What this task involves
For the material below, output exactly the span from the line with "2025 рік у Донецькій" to the line with "- > リアルキノコ(マスタード)【よつばのおむつ/日本製/ハンドメイド】布おむつカバー", including both, and nothing besides.

Supplied information
+ + + + +

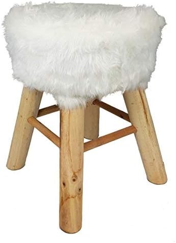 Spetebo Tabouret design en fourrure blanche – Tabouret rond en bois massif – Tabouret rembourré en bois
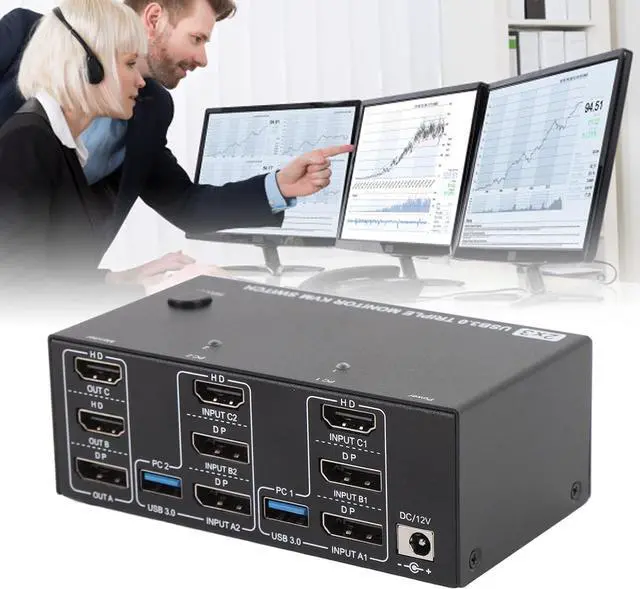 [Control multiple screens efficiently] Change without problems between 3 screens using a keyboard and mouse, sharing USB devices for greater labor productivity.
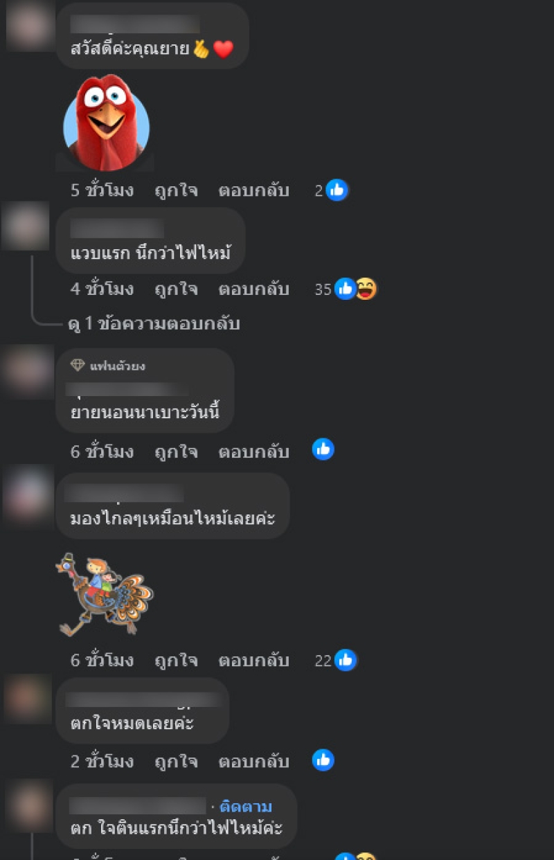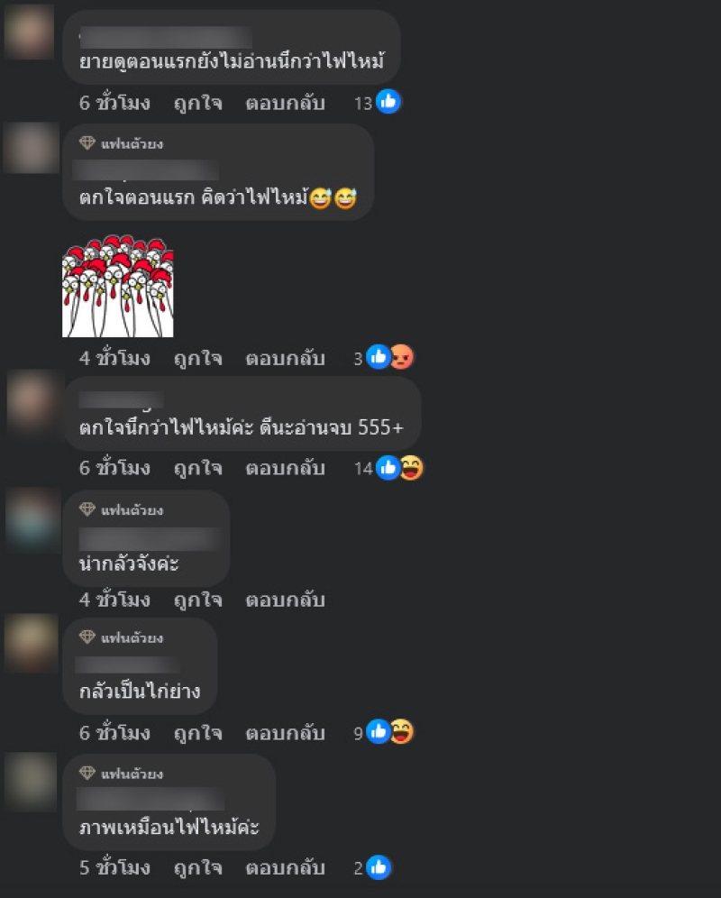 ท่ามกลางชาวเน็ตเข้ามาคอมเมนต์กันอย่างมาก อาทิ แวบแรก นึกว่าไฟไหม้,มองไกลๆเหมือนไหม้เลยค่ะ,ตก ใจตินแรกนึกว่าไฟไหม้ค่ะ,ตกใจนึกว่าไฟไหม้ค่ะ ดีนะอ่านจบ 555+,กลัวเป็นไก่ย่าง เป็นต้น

+ + + + +

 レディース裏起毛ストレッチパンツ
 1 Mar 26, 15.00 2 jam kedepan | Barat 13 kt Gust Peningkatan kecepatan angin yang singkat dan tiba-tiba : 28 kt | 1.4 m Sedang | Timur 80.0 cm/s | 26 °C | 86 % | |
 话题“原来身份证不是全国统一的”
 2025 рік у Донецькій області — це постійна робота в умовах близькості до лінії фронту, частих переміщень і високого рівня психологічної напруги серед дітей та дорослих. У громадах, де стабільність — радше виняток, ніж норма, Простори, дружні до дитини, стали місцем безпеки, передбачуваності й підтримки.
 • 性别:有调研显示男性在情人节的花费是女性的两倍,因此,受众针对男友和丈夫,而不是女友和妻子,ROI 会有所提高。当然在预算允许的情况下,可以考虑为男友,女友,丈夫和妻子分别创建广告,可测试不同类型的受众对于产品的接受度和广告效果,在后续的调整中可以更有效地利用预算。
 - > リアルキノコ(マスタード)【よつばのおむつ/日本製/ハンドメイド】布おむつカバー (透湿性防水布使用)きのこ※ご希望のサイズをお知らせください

+ + + + +

Solution below
 2025 рік у Донецькій області — це постійна робота в умовах близькості до лінії фронту, частих переміщень і високого рівня психологічної напруги серед дітей та дорослих. У громадах, де стабільність — радше виняток, ніж норма, Простори, дружні до дитини, стали місцем безпеки, передбачуваності й підтримки.
 • 性别:有调研显示男性在情人节的花费是女性的两倍,因此,受众针对男友和丈夫,而不是女友和妻子,ROI 会有所提高。当然在预算允许的情况下,可以考虑为男友,女友,丈夫和妻子分别创建广告,可测试不同类型的受众对于产品的接受度和广告效果,在后续的调整中可以更有效地利用预算。
 - > リアルキノコ(マスタード)【よつばのおむつ/日本製/ハンドメイド】布おむつカバー (透湿性防水布使用)きのこ※ご希望のサイズをお知らせください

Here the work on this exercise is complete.